From Well to Swell: The Seven Secrets of Successful Aging
By: Adriane G. Berg
CEO, Generation Bold
Why does falling in love make colors more vibrant, music more harmonic and send you dancing down the street? There is a scientific answer to those questions, as well as a social-cultural one. Endorphins and hormones affect our feeling of well-being. When our senses are heightened, we are more present to the beauty that surrounds us. That is why it is right to say that people in love “have chemistry.”
We can achieve this “lighter than air” feeling as we age, perhaps with greater ease than when we are younger, when we know the seven secrets of successful aging. The seven secrets are gleaned from research, interviews with leaders in the field of aging, and from personal experience.
Secret 1: Trust
My first secret comes from a most credible source: my mother. She had a catch phrase that seemed to turn everyone on: "My money is on you!" That one assurance was a declaration of trust and belief in the other guy that generated a profound response. It is almost impossible to have a successful old age if you have lost trust in your fellow man. And to the extent that your trust increases as you age, wellness grows as you smile at every baby, admire every young person, and embrace every chance to make a new friend.
Secret 2: Sleep
Edie Wiener, a futurist and consultant to international corporations, holds retreats to re-imagine healthcare, which she calls “Swellness”. I discovered the second secret attending her retreat on sleep. Susan Berks of the Sleep Studio tells us that sleep is not just a time for resting and healing. It is a purposeful time, that rejuvenates us mentally and physically. In areas where people live long, they tend to take naps in keeping with their own biologic clock. Susan explains that there was a time when people awoke around three in the morning, when sleep is at its lightest, got together, did work and then went back to sleep. It’s okay.
Secret 3: Stop and Smell the Roses
From the Monell Center we learn that while taste is hardwired from the womb, our sense of smell develops after we are born, and is associated with the good and bad experiences of our life.

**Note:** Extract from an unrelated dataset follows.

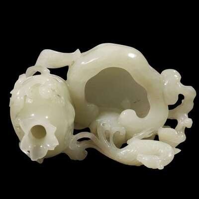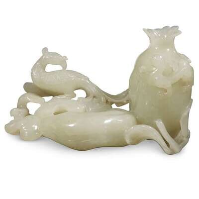A Chinese carved pale celadon jade "Phoenix, Qilong and Pomegranate" brush washer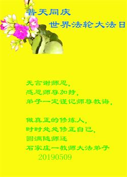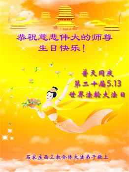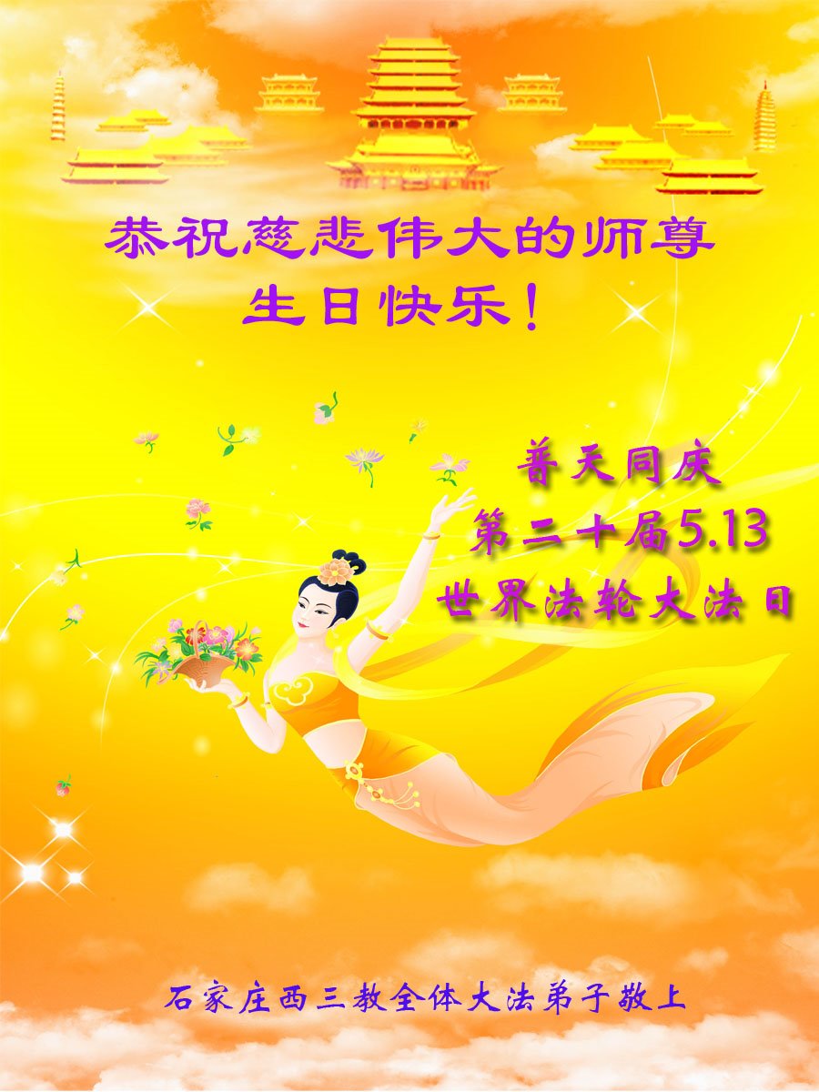 • 石家庄大法弟子恭贺世界法轮大法日暨师尊华诞(24条)

“Stop and smell the roses” is the third secret. If you associate roses with the love of a childhood garden you'll feel Swell. You can also smell the doughnuts and the coffee. My friend Wendy likes the smell of skunk because her mother liked it. She associates that odor with her mother’s laughter.
Secret 4: Play
In Rochester, New York you will find the National Museum of Play, and uncover the fourth secret. When we are young we play to learn. When we are older, play is purposeful so long as you don't play for any purpose other than play itself. When we are about to retire, we worry about filling our time with something meaningful, leaving a legacy and making sense of our lives. It wouldn’t hurt to lighten up. The more naturally play can come to you, the more Swell you will feel.
Secret 5: Stay Connected
Secret number five is to stay connected. A British study found that having 10 or more friends is associated with greater psychological well being, and measurable lower levels of chronic inflammation, a major cause of deterioration as we age.
Connectivity has an even Sweller companion, a feeling of belonging. The television sitcom, Cheers, posited a bar in Boston where everybody knew your name. When our children move away, and especially if we lose a spouse, we can fall into “isolating behaviors,” even avoiding social contact. In my e book for the VTech CareLine™ blog “Just Keep Talking: 3 Simple Steps to Getting and Staying Connected at Any Age, you’ll find resources and protocols to prevent that.
Secret 6: Self-Care
How about exercise, good nutrition, and medication management? They all come under the sixth secret of self-care.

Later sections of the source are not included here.